I've seen a few remarks about the me too movement referencing people who oppose the movement. I cannot imagine a scenario where someone can view this as a bad thing. Women are calling out sexual predators and abusers and making so that future generations won't feel the need to hide it. I decided it would probably derail the threads to ask there so gonna put it out here.
Do you support the Me Too movement?
I've discussed this on other threads, but I broadly support the Me Too Movement. That's not to say they're without tactical, structural, or messaging errors, however. But with any large scale movement, this is pretty much par for the course.
The pros of the movement are that it has pushed a spotlight onto serial sexual misconduct (harassment, assault, and even rape) in several prominent industries in America, and it's given justice to people who haven't been able to get justice any other way.
The reality is that "Women are calling out sexual predators and abusers and making so that future generations won't feel the need to hide it." is probably overstating it. Firstly, it ought to be men and women, and to some degree it has (via the downfall of Kevin Spacey). Secondly, people aren't suddenly going to not feel uncomfortable reporting sexual misconduct against them; this is part of an ongoing process to get better and better rules and procedures in place. If anything, this is most beneficial thing to come out of the Me Too movement.
The cons of the movement are that there are a lot of schools of feminism right now, and some of them very strongly disagree with one another. This is actually both a pro and a con at the same time. I think the Aziz Ansari incident was probably the best example of the real clash of worldviews between even feminists on what the movement should be trying to stop.
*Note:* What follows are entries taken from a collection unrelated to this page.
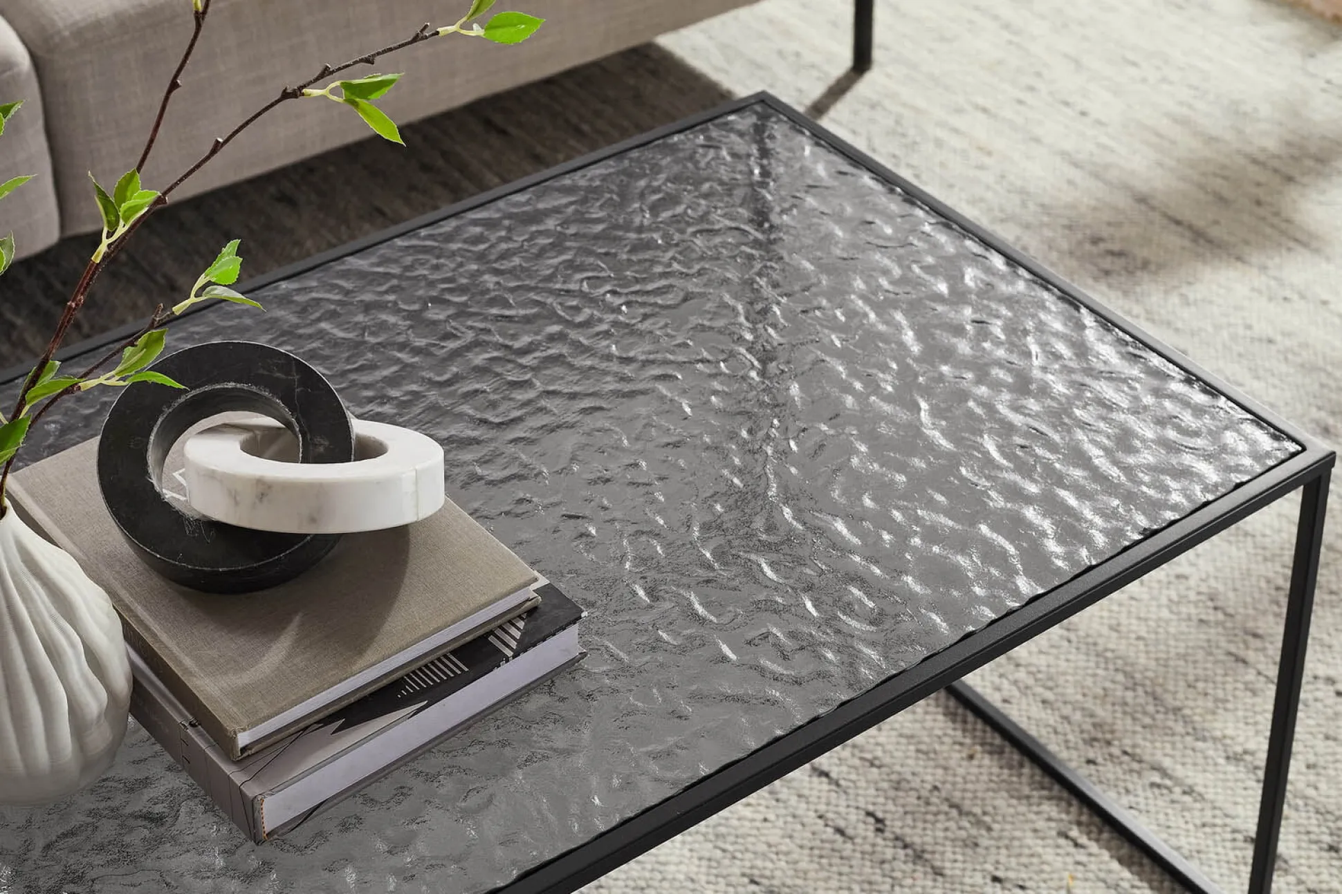 Een langwerpige salontafel met een gestructureerd glazen blad en een minimalistisch metalen frame. Perfect voor een chique en moderne uitstraling in de woonkamer.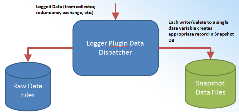 Snapshot processing involves a snapshot database (standard Hyper Historian Logger [file logger]). This contains data for synchronization purposes only. The processing involves short-term, persistent storage (one day, one week), and doesn't require archiving. The snapshot data is available as a property data variable on a source (raw) data variable. Group-level settings are optional.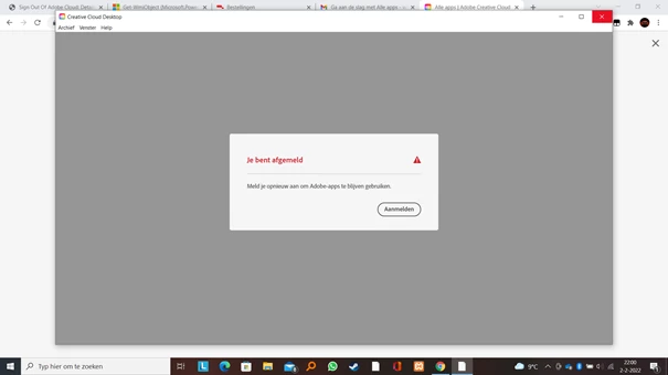 Ik get this error when i open Adobe Creative Cloud. I tried reïnstall it but didnt work. it says something like: 'You are logged out'. And 'Log in to use your Adobe products'. If i press 'Aanmelden', (means login), nothing happens, after loading i see the same screen

The thing that was most interesting, to my mind, about the Aziz Ansari incident is that there was a lot of disagreement over what consent is, what assault is, who has what obligation to do what, etc. I say this is a pro and a con because it's both. It's important that, as a society, we hash out these issues, which is the pro, but the con is that it starts seriously distracting from really unambiguous and grotesque cases of sexual assault.
Another negative aspect of the movement, which it picked up from the more fanatical elements of the "SJW" movement (for want of a better term), are these kinds of warped notions that come in varying intensities, like this an issue exclusively about women; that women should be the only ones speaking; men should shut up and listen; to confusing personal problems for systemic problems. There's an element to the SJW framework that has real problems with it, because a lot of it started off as very academic jargon and has now moved into conversations that are... not that. So I'm happy people are having conversations (and even more happy that very bad people's power is being destroyed), I just sort of wish we could unshackle ourselves from the more problematic aspects of modern SJW culture while embracing the part about advancing people's rights and challenging illegitimate, harmful institutions. But that's pretty much my only issue with the movement, or at least the other critiques are just derivations on this point (i.e. the people who insist that no one should at all be concerned with false accusations).